Kickers garner reputations, even in fantasy football communities. You will still find someone willing to draft Sebastian Janikowski with something higher than a final-round pick or more than one dollar in auction leagues. That is despite the fact the Polish Powderkeg has finished in the top five twice and the top 10 thrice in fantasy scoring over the past decade. Granted, the past 10 years have not exactly been kind to Oakland offenses, but Janikowski is clearly just a name.

Beyond Seabass, is there any sort of consistency? David Akers blew away the competition by 30-plus fantasy points in 2011 only to see his accuracy fail him and his owners last year. He wound up 10th in fantasy scoring, having hit on just 69 percent of his kicks for the 49ers. John Kasay finished second to Akers in 2011 and was out of the league last year, though injuries had something to do with that. The word cloud at the top of this article is based on the top 10 fantasy-scoring kickers in each of the past 10 seasons. The list varies wildly, populated by 41 different names.

Suddenly we have an influx of young guns, their legs set to semi-automatic that can bring the boom. Greg Zuerlein made a name for himself quickly as Legatron in St. Louis last season, hammering home 50-yard field goals with astounding accuracy before fading a bit after three missed kicks in Miami. Fellow rookie Blair Walsh took up the rookie mantle, though, winding up with the most fantasy points in the league. Justin Tucker rounded out a fantastic rookie class, one seemingly poised to take over the fantasy landscape at the position.

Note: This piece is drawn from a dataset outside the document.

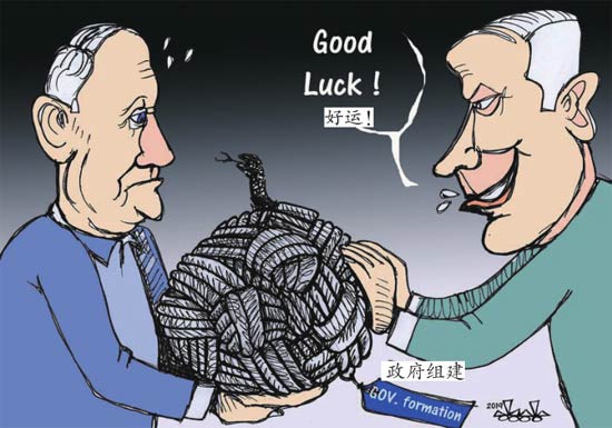 10月22日,内塔尼亚胡的组阁努力又失败了,他干脆把球踢给竞选对手甘茨,让对方操心去了。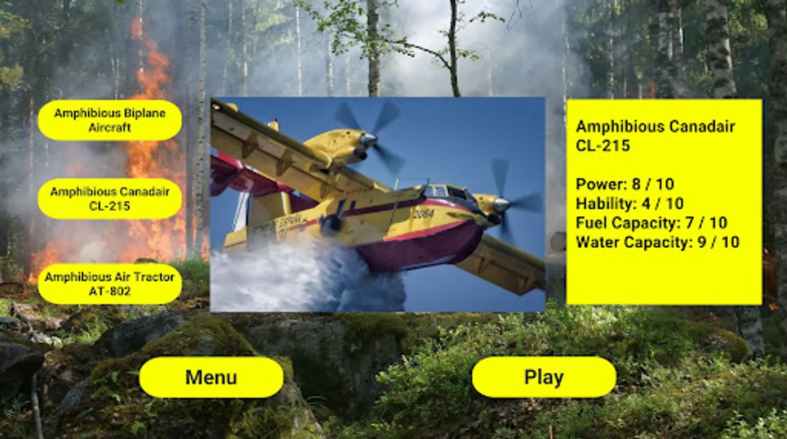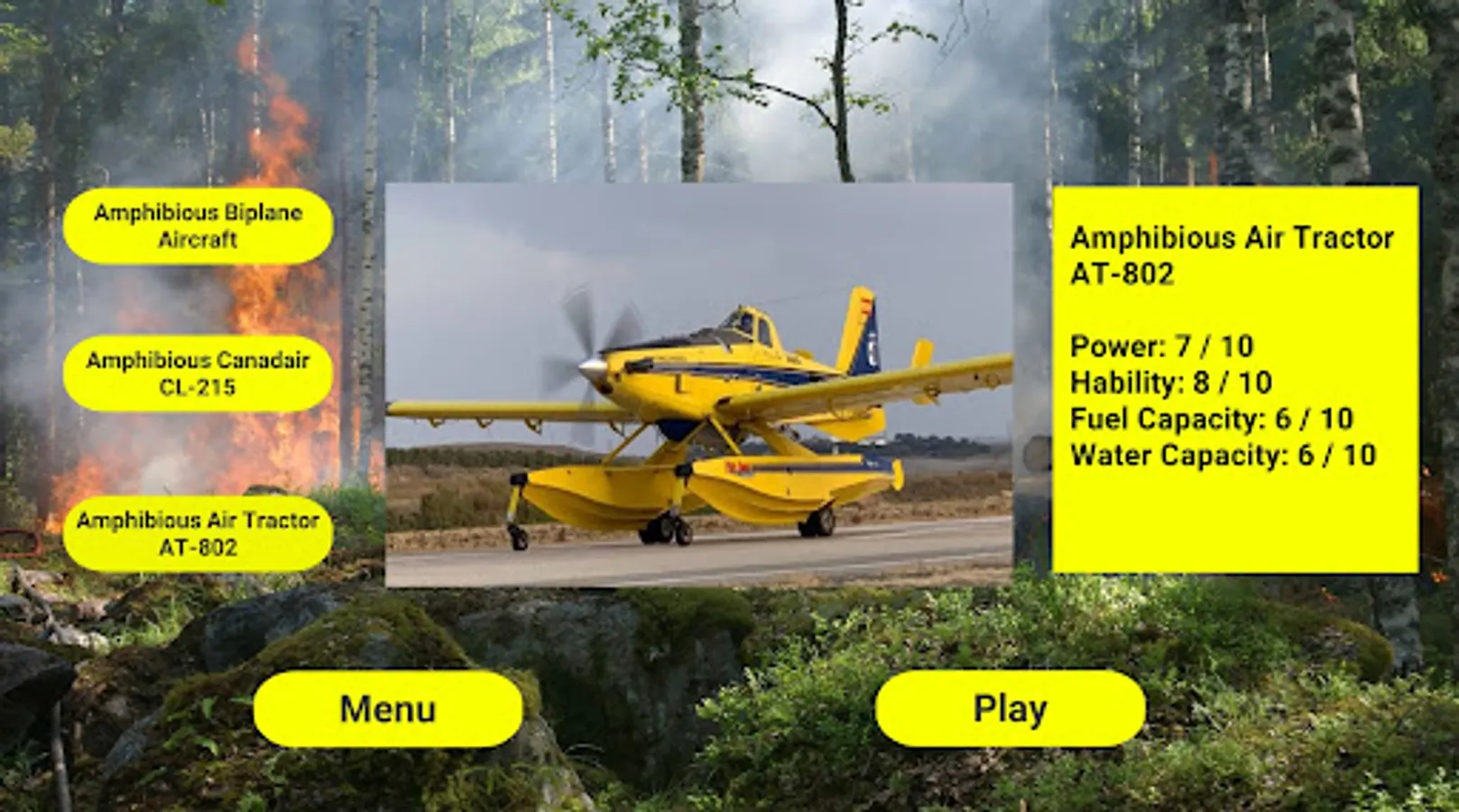 Choose from three aircraft types and use your skill to search the forest and eliminate the wildfire.

But if you dig deeper, age has little to do with fantasy success.

That scatter chart seems random because it is random. There is no correlation between age and fantasy success here. Unlike at every other position, age has almost zero predictive qualities when it comes to forecasting fantasy scoring for kickers. Jason Hanson was fifth in the league in fantasy scoring last season at age 42. Akers was 37 when he led the league in 2011, and Walsh was at the opposite end of the spectrum at 22 last year.

A personal strategy has been to target an indoor kicker when making my selection at the position. After all, why not try to mitigate the impact of a few variables like wind and weather when choosing a kicker? Jeff Wilkins and Ryan Longwell were once perennial targets because of this goal. But does it matter?

*Scoring average based on the top 24 fantasy scorers in each season over the past 10 years.

Like everything else involved with kickers in the fantasy realm, the results are wildly unpredictable. On the one hand, indoor kickers outscored their outdoor counterparts in six of the past 10 years on average. On the other, outdoor kickers have scored 1.5 more points than their fair-weather friends on average during that time.

In other words, there is no discernible difference.

Kickers are the jokers in wildcard games of poker. There is a reason professional poker players don't play with jokers—they increase the luck factor in games. The more variables you introduce into a game of poker, the easier it is to lose to chance. It removes some skill from the equation.

Fantasy football is already a game of chance. You craft your team with reasonable performance expectations, but you might wind up missing the playoffs because of unfortunate matchups in head-to-head leagues. There are an increasing number of leagues cropping up designed to minimize the luck factor—best ball and total points, to name a couple—but most of them still employ kickers. It is clear that kickers are a craps shoot.

Like the human appendix, kickers are vestigial players in the fantasy football realm. Their function is seemingly useless, so why not discard them? The evolutionary process has begun in this instance—there are no-kicker leagues out there—but it will be a laborious one until the major players catch on. Until then, you may as well throw a dart to make your draft selection.

Kickers are people, too. They just shouldn't be fantasy people.